William R. Benz, Yvonne M. Metzger, Larkspur, for petitioners.

No appearance for respondent.

Sedgwick, Detert, Moran & Arnold, Stephen W. Jones, Roger D. Rizzo, Beth S. Jordan, Pacific Gas & Electric Co., Iathan T. Annand, San Francisco, for real party in interest PG & E.

Latham & Watkins, Ernest J. Getto, Milton A. Miller, Juli Wilson Marshall, Los Angeles, Chemical Manufacturers Assn., David F. Zoll, Michael P. Walls, Washington, D.C., Crosby, Heafey, Roach & May, Peter W. Davis, Oakland, Piper & Marbury, Toni K. Allen, Susan D. Sawtelle, Washington, D.C., for amici curiae in Support of PG & E.

RACANELLI, Presiding Justice.

Petitioners filed this action against Pacific Gas & Electric Company (PG & E) and others following a fire in an electrical transformer containing polychlorinated biphenyls (PCBs) at a San Francisco high-rise office building in May 1983. Summary adjudication of issues was granted in favor of PG & E, primarily on the issue of whether the use of electrical transformers containing PCBs constitutes an ultrahazardous activity. Additionally, the court determined to be without substantial controversy the issues whether PG & E was involved in a conspiracy to misrepresent facts surrounding the clean-up following the fire and whether PG & E was involved in tissue and blood sampling performed on the petitioners.

Petitioners seek a writ of mandate commanding the Superior Court to set aside its order granting real party's motion for summary adjudication of issues. We will grant relief in part for the reasons which we explain.

Factual Background

The facts, as contained in the documents before the trial court, are as follows. Petitioners were employed at One Market Plaza, an office high-rise owned by Equitable Life Assurance Company and Southern Pacific Transportation Company. PG & E owned and maintained electrical transformers which contained PCBs, used as an insulating material, housed in a vault beneath the street and the office building. 1 On May 15, 1983, the transformers exploded and burned, causing the release of soot, smoke, and toxic substances caused by combustion of the PCBs. 2 Petitioners were exposed to the toxic substances at the time of the fire, as well as during and after the resulting clean-up.

Procedural History

On November 18, 1983, petitioners filed a complaint for damages for injuries caused by toxic substance contamination. In addition to PG & E, the building owners, and the manufacturer of the transformer, several companies involved in the post fire clean-up, health monitoring, and testing were named as defendants in the complaint and two subsequent amendments.

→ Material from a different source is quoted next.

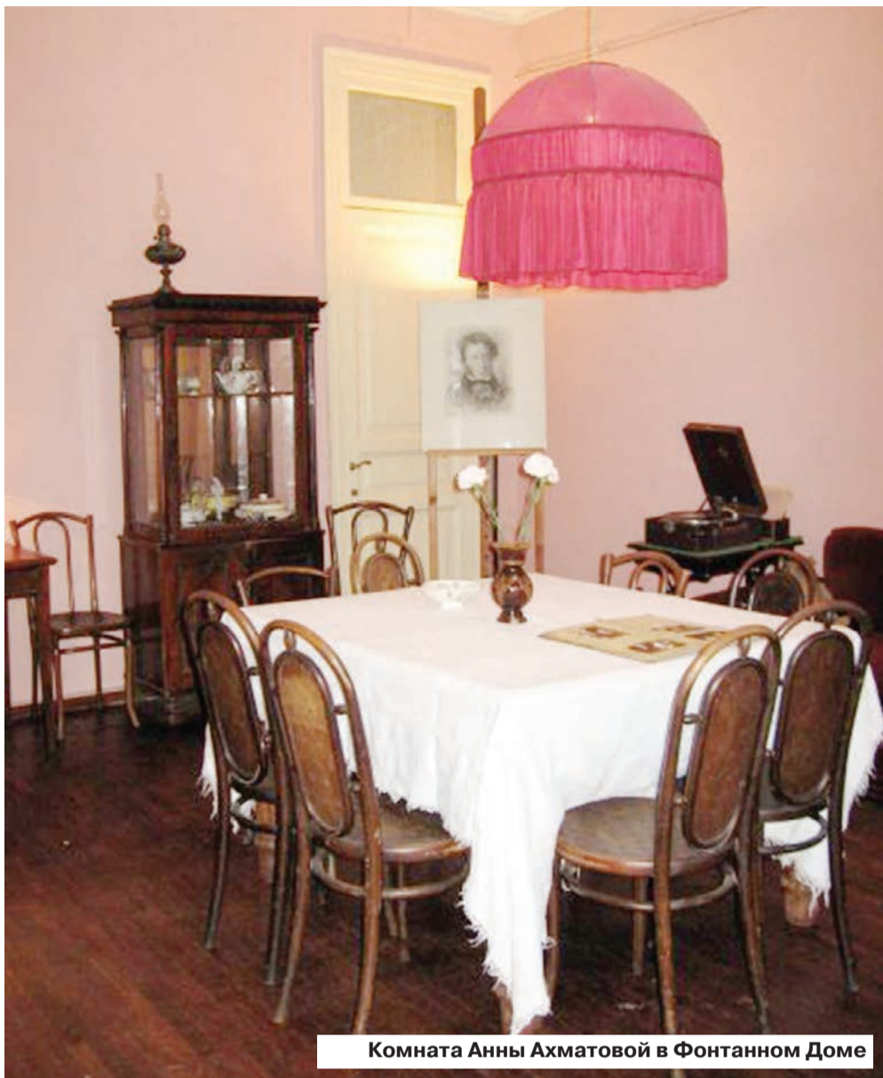
Комната Анны Ахматовой в Фонтанном Доме

Здесь сегодня стоят восковые фигуры участников заговора – поручика Сухоти-

On February 24, 1987, petitioners moved for summary adjudication of issues as to whether using, maintaining and operating an electrical transformer containing PCBs at a high-rise office building is an ultrahazardous activity. 3

On February 27, PG & E also moved for summary adjudication of issues, including, inter alia, (1) whether PG & E's use of the transformers containing PCBs was an ultrahazardous activity; (2) whether PG & E was involved in a conspiracy to suppress information regarding testing, cleaning or decontamination after the fire; and (3) whether PG & E had any involvement in tissue and blood sampling performed on petitioners. 4 At the hearing on PG & E's motion on March 27, 1987, the trial court indicated that while the use of PCBs in the transformers was hazardous in the sense of having the capacity to cause harm, it was not an uncommon activity.

On April 30, 1987, the court entered its order that there was no triable issue as to any material fact regarding the following three issues:

(1) "PG & E's use of electrical transformers containing PCBs at the time of the May 15, 1983 fire was not an ultrahazardous activity."

(2) "PG & E was not involved in any conspiracy to misrepresent or suppress information concerning any aspect of testing, cleaning or decontamination at One Market Plaza following the May 15, 1983 fire."

(3) "PG & E had no involvement in or connection with the tissue and blood sampling performed upon plaintiffs which is the subject of plaintiffs' ninth cause of action."

On May 11, 1987, written notice of entry of the order was served on petitioners. Their timely petition for writ of mandate pursuant to Code of Civil Procedure section 437c, subdivision (l ), ensued.

DISCUSSION
Standard of Review

Our review of the challenged order is governed by the principles which follow.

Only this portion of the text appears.